When the volume of a sphere becomes one-eighths, its radius becomes half. The angular momentum of the earth is conserved in spite of the shrinkage so that we have I1ω1= I2ω2 where I1and I2 are the moments of inertia and ω1 and ω2 are the angular velocities of the earth before and after the shrinkage respectively. Substituting for I1 [= (2/5)MR2] and I2 [= (2/5)M (R2/4)] we obtain ω2 = 4ω1. Since the angular velocity changes to 4 times the initial value, the spin period of the earth (T= 2π/ω) changes to one-fourth of the initial value. So, the duration of the day will become 24/4 = 6 hours. The duration therefore decreases by 18 hours.
Generally, if the radius of the earth becomes ‘n’ times the present value, the duration of the day becomes 24n2 hours.

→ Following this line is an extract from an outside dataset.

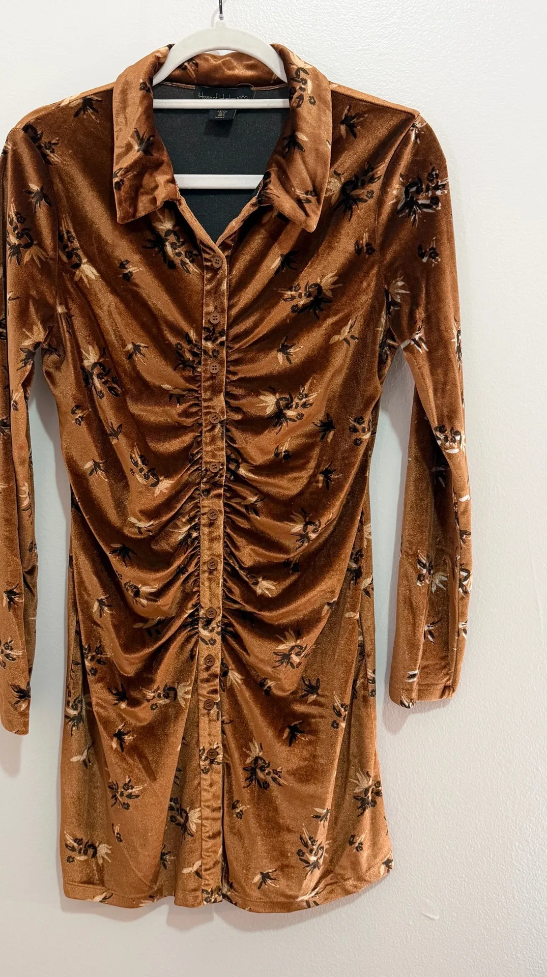 House of Harlow 1960 x Revolve velvet mini dress in size Small. Features a button front, ruched center detail, long sleeves, and collared neckline. Stretch velvet fabric with a flattering fit. Condition: Excellent used condition Measurements (flat): • 17” pit to pit • 14.5” waist • 33” length Perfect for fall events or date night. 907G

Let us now consider the following interesting question which appeared in the IIT Screening 2000 question paper:
A long horizontal rod has a bead which can slide along its length, and initially placed at a distance ‘L’ from one end A of the rod. The rod is set in angular motion about A with constant angular acceleration ‘α’. If the coefficient of friction between the rod and the bead is ‘μ’, and gravity is neglected, then the time after which the bead starts slipping is
(a) √(μ/α) (b) (μ/α) (c) 1/√(μα) (d) infinitesimal
The bead gets pressed against the rod because of the tangential acceleration of the rod at the location of the bead. The force with which the bead presses against the rod is F = ma = mLα. where ‘m’ is the mass of the bead and ‘a’ is the tangential acceleration which is equal to Lα. The frictional force therefore is μmLα. It is the centrifugal force which tries to push the bead outwards. Just when the slipping begins, we have μmLα = mv2/L. Initially ‘v’ is zero and as time elapses, its value increases in accordance with the equation, v = 0 + at = Lαt where ‘t’ is the time at which slipping begins. Substituting this value of ‘v’ in the above condition for slipping, we obtain μ = αt2 from which t = √(μ/α).